### [Exercise requirements]
When you copy the data that follows, reproduce every word exactly and leave out the images.

[Records contained in a dataset]
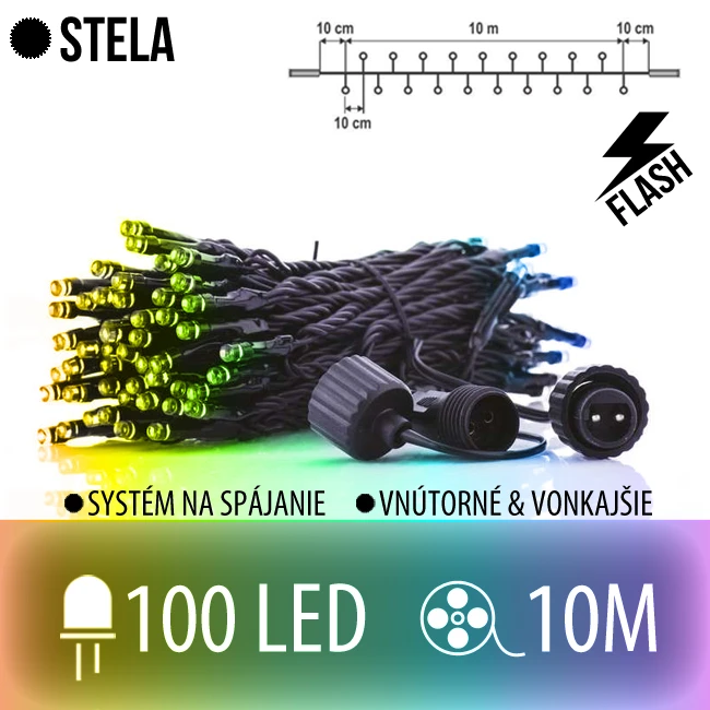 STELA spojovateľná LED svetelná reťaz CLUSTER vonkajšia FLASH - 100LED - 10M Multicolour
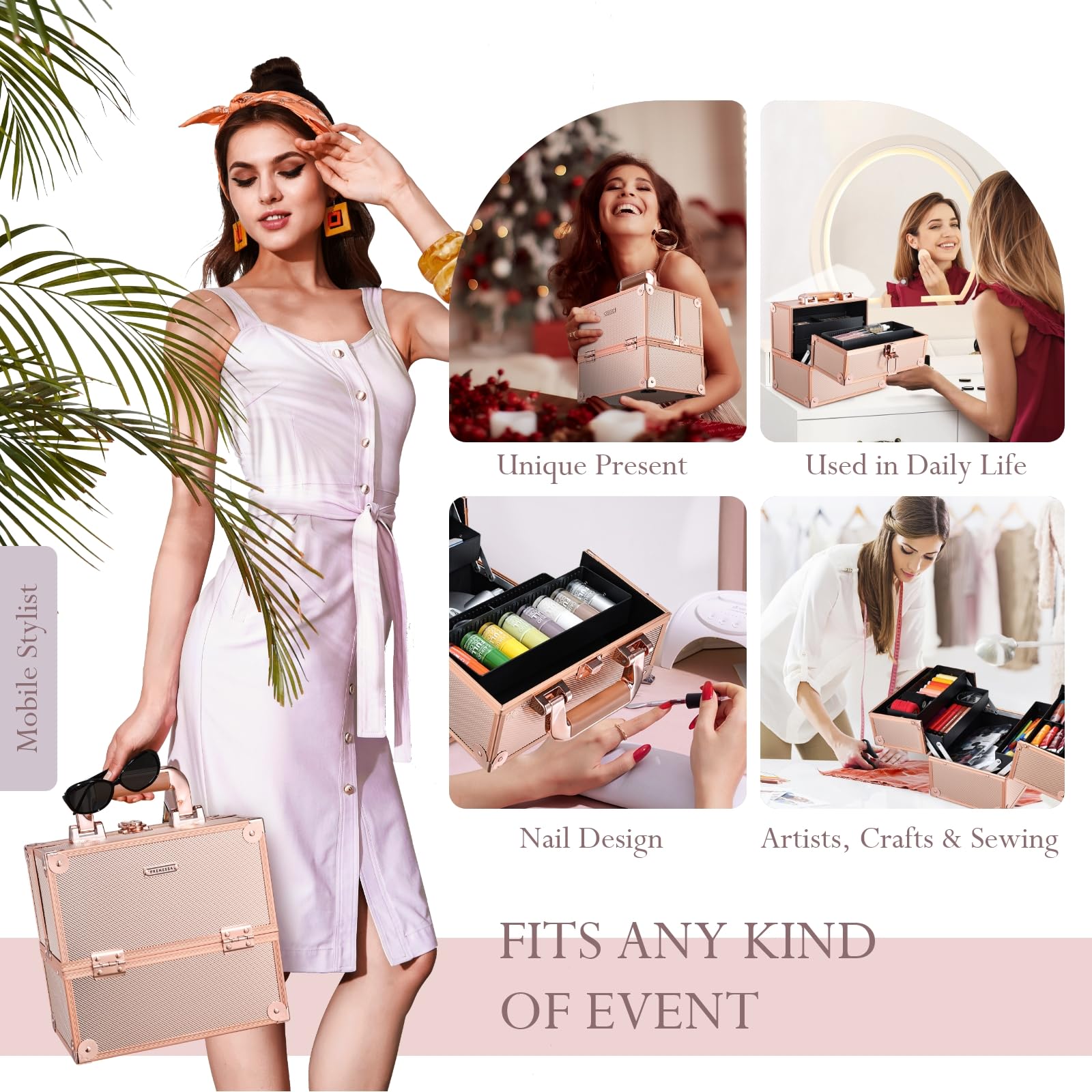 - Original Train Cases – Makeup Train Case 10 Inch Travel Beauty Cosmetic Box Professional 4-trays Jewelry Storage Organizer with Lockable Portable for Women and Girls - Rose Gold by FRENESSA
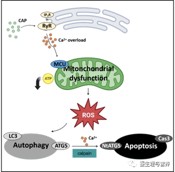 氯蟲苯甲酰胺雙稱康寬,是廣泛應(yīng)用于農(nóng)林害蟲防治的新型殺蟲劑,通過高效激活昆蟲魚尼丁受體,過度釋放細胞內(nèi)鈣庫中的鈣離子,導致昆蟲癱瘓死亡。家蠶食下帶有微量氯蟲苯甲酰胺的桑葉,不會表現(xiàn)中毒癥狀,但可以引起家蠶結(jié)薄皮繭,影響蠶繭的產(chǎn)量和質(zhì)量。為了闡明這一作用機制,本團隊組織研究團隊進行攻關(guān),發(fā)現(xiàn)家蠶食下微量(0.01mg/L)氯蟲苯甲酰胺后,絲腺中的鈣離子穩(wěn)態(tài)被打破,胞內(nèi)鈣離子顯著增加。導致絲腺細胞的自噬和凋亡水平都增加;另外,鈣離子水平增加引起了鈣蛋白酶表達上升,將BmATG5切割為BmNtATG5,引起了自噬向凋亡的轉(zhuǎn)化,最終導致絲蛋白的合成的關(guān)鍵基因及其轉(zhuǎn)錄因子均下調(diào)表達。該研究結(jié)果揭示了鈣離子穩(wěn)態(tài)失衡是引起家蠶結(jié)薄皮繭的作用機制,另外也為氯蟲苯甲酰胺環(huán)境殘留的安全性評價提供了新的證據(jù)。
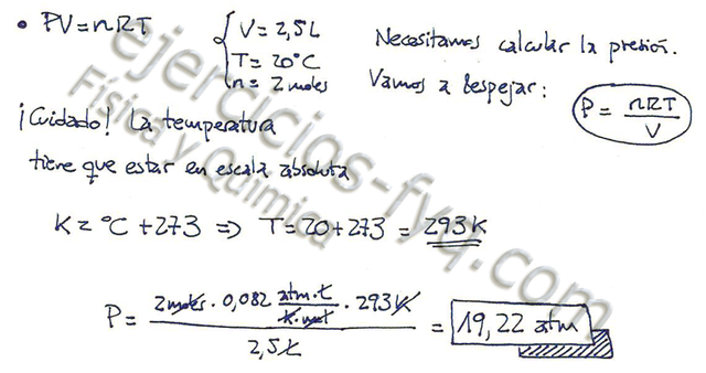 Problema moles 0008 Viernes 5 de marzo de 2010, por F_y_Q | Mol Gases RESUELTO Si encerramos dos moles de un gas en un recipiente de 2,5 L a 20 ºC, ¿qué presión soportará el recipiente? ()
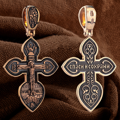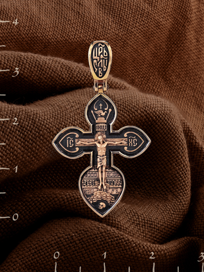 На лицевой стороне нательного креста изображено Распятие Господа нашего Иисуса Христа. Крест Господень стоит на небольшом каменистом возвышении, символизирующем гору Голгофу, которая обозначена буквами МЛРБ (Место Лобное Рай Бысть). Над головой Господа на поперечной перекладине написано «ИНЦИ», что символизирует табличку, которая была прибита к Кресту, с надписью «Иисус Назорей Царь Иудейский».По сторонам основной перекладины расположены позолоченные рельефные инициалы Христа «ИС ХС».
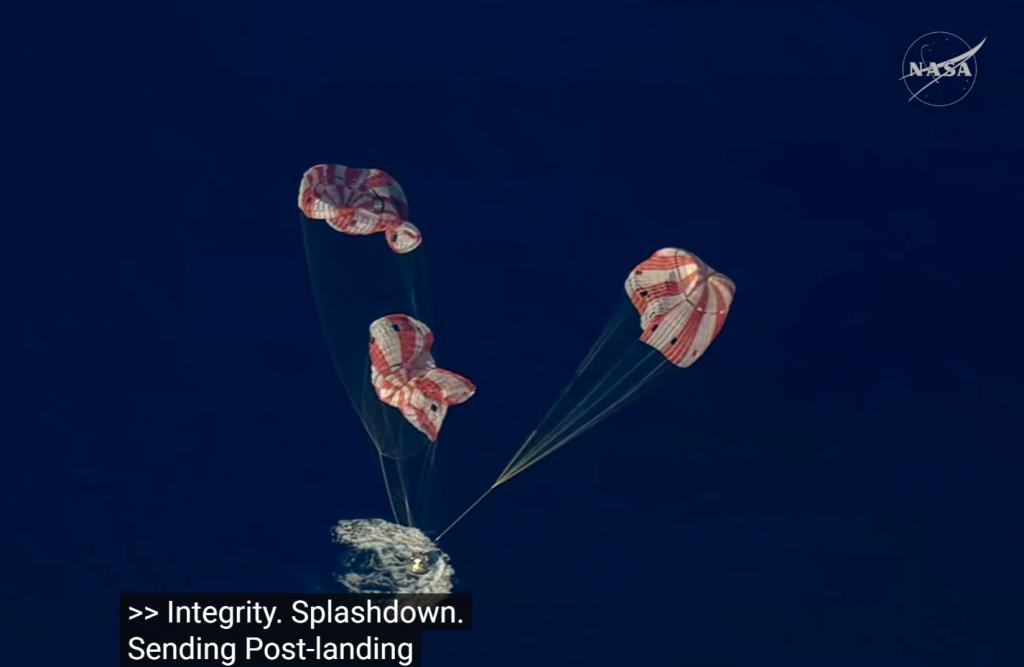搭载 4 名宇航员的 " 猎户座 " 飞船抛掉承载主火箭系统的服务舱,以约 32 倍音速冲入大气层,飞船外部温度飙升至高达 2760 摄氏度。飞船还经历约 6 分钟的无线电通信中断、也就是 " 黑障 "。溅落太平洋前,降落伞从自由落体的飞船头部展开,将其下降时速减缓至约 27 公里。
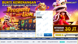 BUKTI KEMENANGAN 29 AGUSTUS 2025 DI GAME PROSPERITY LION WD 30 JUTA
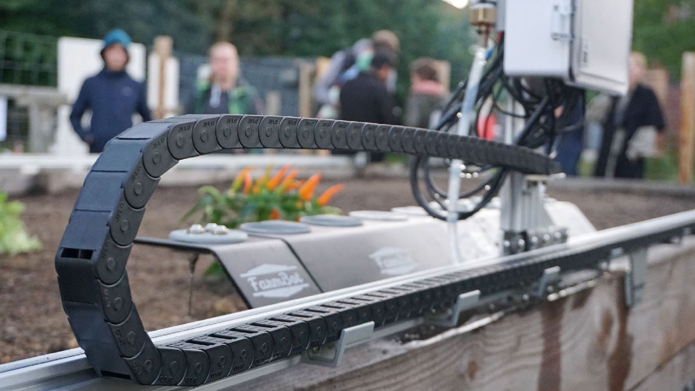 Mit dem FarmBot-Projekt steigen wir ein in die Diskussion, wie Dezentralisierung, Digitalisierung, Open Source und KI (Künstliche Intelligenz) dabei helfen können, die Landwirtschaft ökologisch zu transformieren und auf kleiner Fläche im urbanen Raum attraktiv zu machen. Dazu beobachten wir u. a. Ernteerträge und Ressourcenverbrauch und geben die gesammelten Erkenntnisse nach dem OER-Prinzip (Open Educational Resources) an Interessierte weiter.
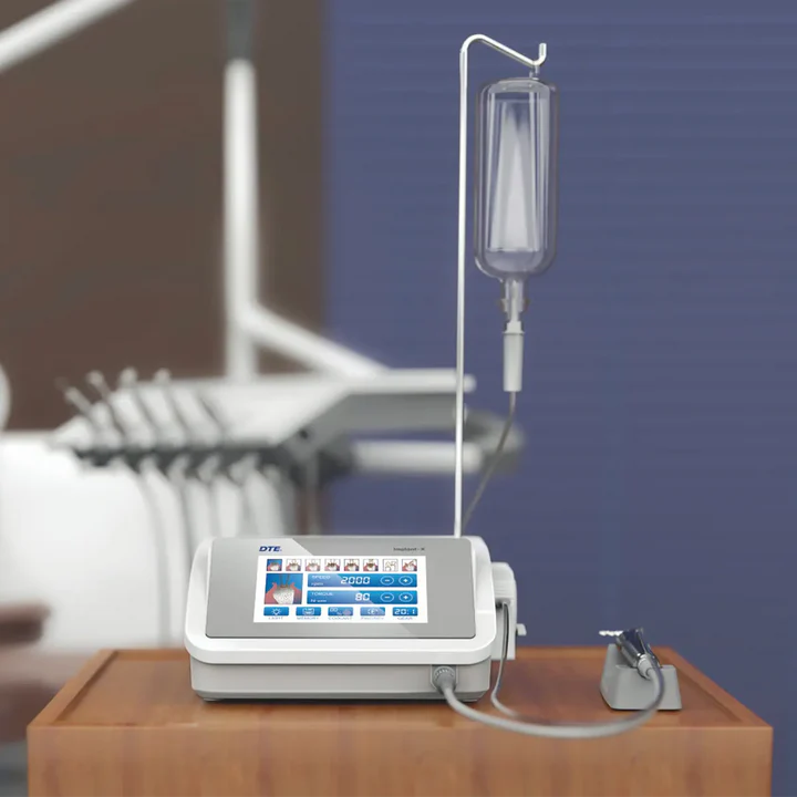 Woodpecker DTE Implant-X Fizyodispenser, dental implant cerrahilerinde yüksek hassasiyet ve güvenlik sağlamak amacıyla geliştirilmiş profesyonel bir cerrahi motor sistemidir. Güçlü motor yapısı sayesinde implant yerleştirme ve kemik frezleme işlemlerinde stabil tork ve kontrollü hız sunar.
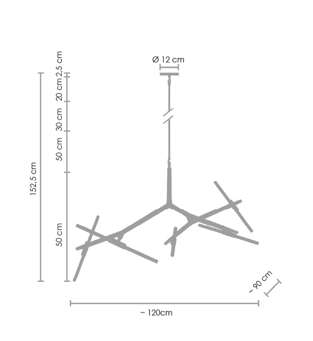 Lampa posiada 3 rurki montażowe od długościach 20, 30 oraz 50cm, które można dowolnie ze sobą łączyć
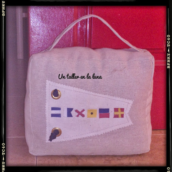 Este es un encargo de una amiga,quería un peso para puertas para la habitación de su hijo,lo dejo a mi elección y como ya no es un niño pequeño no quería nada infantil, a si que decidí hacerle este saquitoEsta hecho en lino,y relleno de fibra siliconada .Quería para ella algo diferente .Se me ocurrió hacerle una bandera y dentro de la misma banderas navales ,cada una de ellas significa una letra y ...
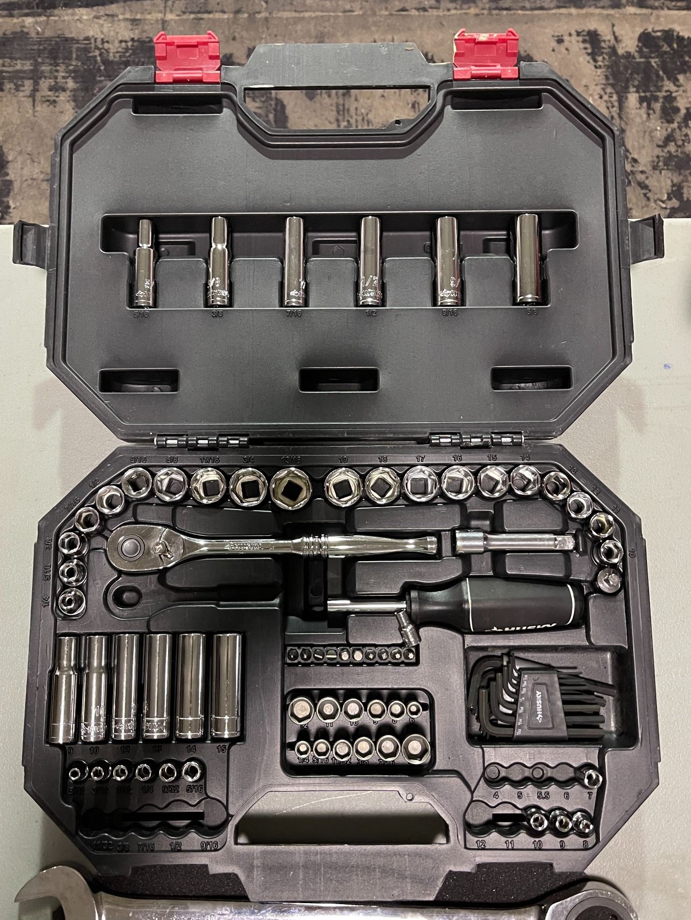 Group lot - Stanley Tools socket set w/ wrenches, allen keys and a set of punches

### [Answer for this exercise]
 STELA spojovateľná LED svetelná reťaz CLUSTER vonkajšia FLASH - 100LED - 10M Multicolour
 - Original Train Cases – Makeup Train Case 10 Inch Travel Beauty Cosmetic Box Professional 4-trays Jewelry Storage Organizer with Lockable Portable for Women and Girls - Rose Gold by FRENESSA
 氯蟲苯甲酰胺雙稱康寬,是廣泛應(yīng)用于農(nóng)林害蟲防治的新型殺蟲劑,通過高效激活昆蟲魚尼丁受體,過度釋放細胞內(nèi)鈣庫中的鈣離子,導致昆蟲癱瘓死亡。家蠶食下帶有微量氯蟲苯甲酰胺的桑葉,不會表現(xiàn)中毒癥狀,但可以引起家蠶結(jié)薄皮繭,影響蠶繭的產(chǎn)量和質(zhì)量。為了闡明這一作用機制,本團隊組織研究團隊進行攻關(guān),發(fā)現(xiàn)家蠶食下微量(0.01mg/L)氯蟲苯甲酰胺后,絲腺中的鈣離子穩(wěn)態(tài)被打破,胞內(nèi)鈣離子顯著增加。導致絲腺細胞的自噬和凋亡水平都增加;另外,鈣離子水平增加引起了鈣蛋白酶表達上升,將BmATG5切割為BmNtATG5,引起了自噬向凋亡的轉(zhuǎn)化,最終導致絲蛋白的合成的關(guān)鍵基因及其轉(zhuǎn)錄因子均下調(diào)表達。該研究結(jié)果揭示了鈣離子穩(wěn)態(tài)失衡是引起家蠶結(jié)薄皮繭的作用機制,另外也為氯蟲苯甲酰胺環(huán)境殘留的安全性評價提供了新的證據(jù)。
 Problema moles 0008 Viernes 5 de marzo de 2010, por F_y_Q | Mol Gases RESUELTO Si encerramos dos moles de un gas en un recipiente de 2,5 L a 20 ºC, ¿qué presión soportará el recipiente? ()
 На лицевой стороне нательного креста изображено Распятие Господа нашего Иисуса Христа. Крест Господень стоит на небольшом каменистом возвышении, символизирующем гору Голгофу, которая обозначена буквами МЛРБ (Место Лобное Рай Бысть). Над головой Господа на поперечной перекладине написано «ИНЦИ», что символизирует табличку, которая была прибита к Кресту, с надписью «Иисус Назорей Царь Иудейский».По сторонам основной перекладины расположены позолоченные рельефные инициалы Христа «ИС ХС».
搭载 4 名宇航员的 " 猎户座 " 飞船抛掉承载主火箭系统的服务舱,以约 32 倍音速冲入大气层,飞船外部温度飙升至高达 2760 摄氏度。飞船还经历约 6 分钟的无线电通信中断、也就是 " 黑障 "。溅落太平洋前,降落伞从自由落体的飞船头部展开,将其下降时速减缓至约 27 公里。
 BUKTI KEMENANGAN 29 AGUSTUS 2025 DI GAME PROSPERITY LION WD 30 JUTA
 Mit dem FarmBot-Projekt steigen wir ein in die Diskussion, wie Dezentralisierung, Digitalisierung, Open Source und KI (Künstliche Intelligenz) dabei helfen können, die Landwirtschaft ökologisch zu transformieren und auf kleiner Fläche im urbanen Raum attraktiv zu machen. Dazu beobachten wir u. a. Ernteerträge und Ressourcenverbrauch und geben die gesammelten Erkenntnisse nach dem OER-Prinzip (Open Educational Resources) an Interessierte weiter.
 Woodpecker DTE Implant-X Fizyodispenser, dental implant cerrahilerinde yüksek hassasiyet ve güvenlik sağlamak amacıyla geliştirilmiş profesyonel bir cerrahi motor sistemidir. Güçlü motor yapısı sayesinde implant yerleştirme ve kemik frezleme işlemlerinde stabil tork ve kontrollü hız sunar.
 Lampa posiada 3 rurki montażowe od długościach 20, 30 oraz 50cm, które można dowolnie ze sobą łączyć
 Este es un encargo de una amiga,quería un peso para puertas para la habitación de su hijo,lo dejo a mi elección y como ya no es un niño pequeño no quería nada infantil, a si que decidí hacerle este saquitoEsta hecho en lino,y relleno de fibra siliconada .Quería para ella algo diferente .Se me ocurrió hacerle una bandera y dentro de la misma banderas navales ,cada una de ellas significa una letra y ...
 Group lot - Stanley Tools socket set w/ wrenches, allen keys and a set of punches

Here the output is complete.